Tutorial: NumPy, SciPy, and matplotlib
This post originally appeared on the Software Carpentry website.
Today I did a toy data analysis of some annual temperature data in Australia and Canada over the last ~100 years. The goal of the exercise was to demonstrate loading data, inspecting it, and fitting trends. My last tutorial didn't involve any real data so this week we wanted to change that.
Like my previous tutorial I used the IPython HTML notebook to present. I hadn't been planning to use pylab mode or inline plots but some issues with my matplotlib forced me in that direction. There's an awkward situation here because I actually recommend people not use the pylab interface to matplotlib because the behind-the-scenes magic can cause problems (difficult to debug problems), but for doing demos the inline plots are really the way to go. The obvious upside is that the plots I made as part of the tutorial are embedded in the notebook for you to see now.

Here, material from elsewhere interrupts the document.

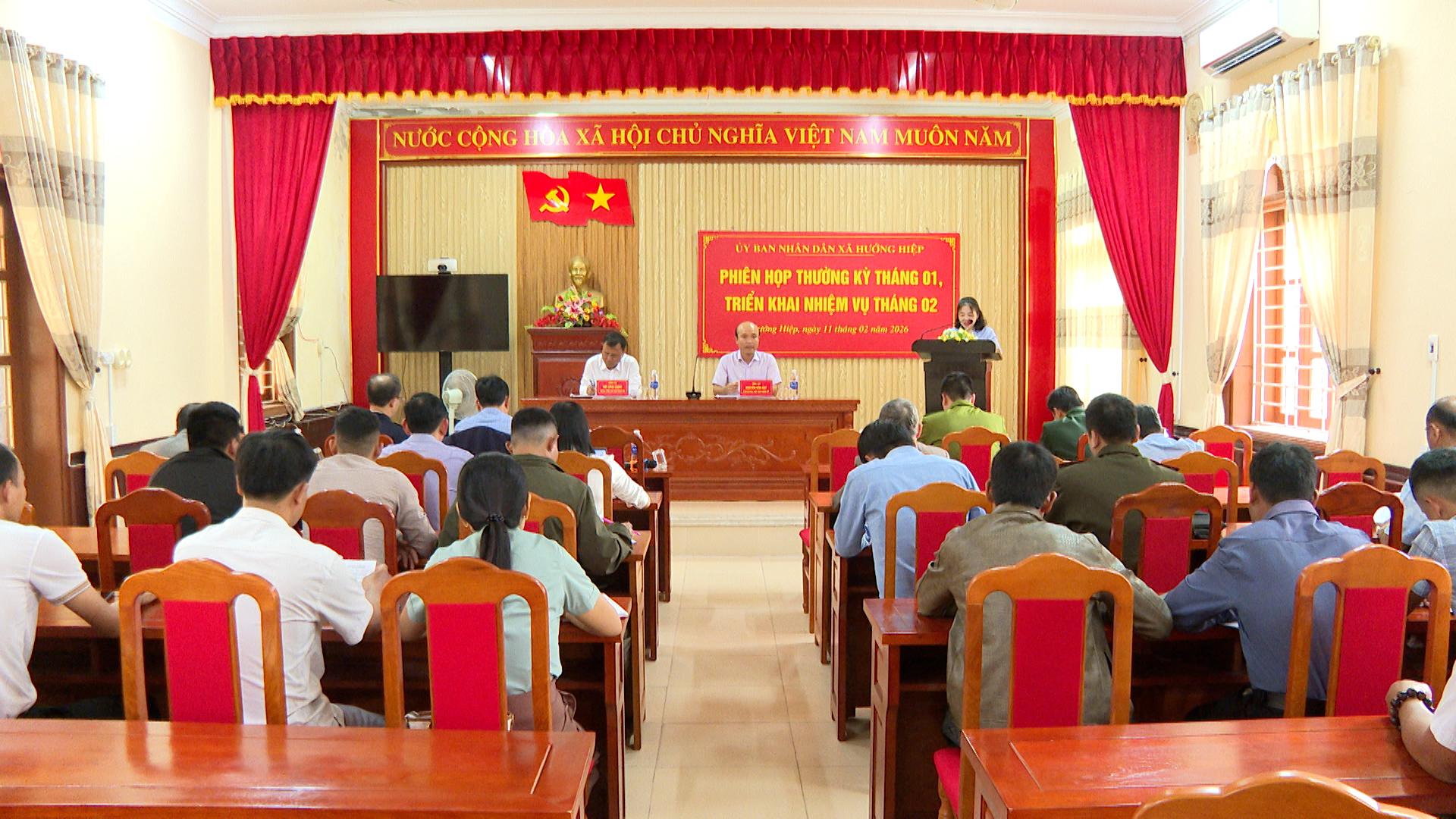 Chiều ngày 11/2/2026, UBND xã Hướng Hiệp tổ chức phiên họp thường kỳ tháng 1 nhằm đánh giá tình kinh tế - xã hội, quốc phòng an ninh trong tháng và triển khai nhiệm vụ tháng 2. Tập thể lãnh đạo UBND xã chủ trì phiên họp, tham dự phiên họp có đại diện các lãnh đạo các ban, ngành xã; trưởng các thôn khóm trên địa bàn.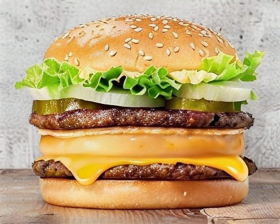 Hamburguesa con doble carne 100% de res, cubierta en queso americano, lechuga, jitomate y cebolla.

The data was stored in a well behaved CSV format so it was simple to load with numpy.loadtxt. I used the matplotlib plot function for all the figures, even the one where I probably should have used scatter.
I demonstrated fitting with scipy.stats.linregress, scipy.optimize.curve_fit, and scipy.interpolate.UnivariateSpline. The linregress function is useful for doing just a quick linear fit, while curve_fit allows you to fit arbitrary functions to the data since you give it a function you define.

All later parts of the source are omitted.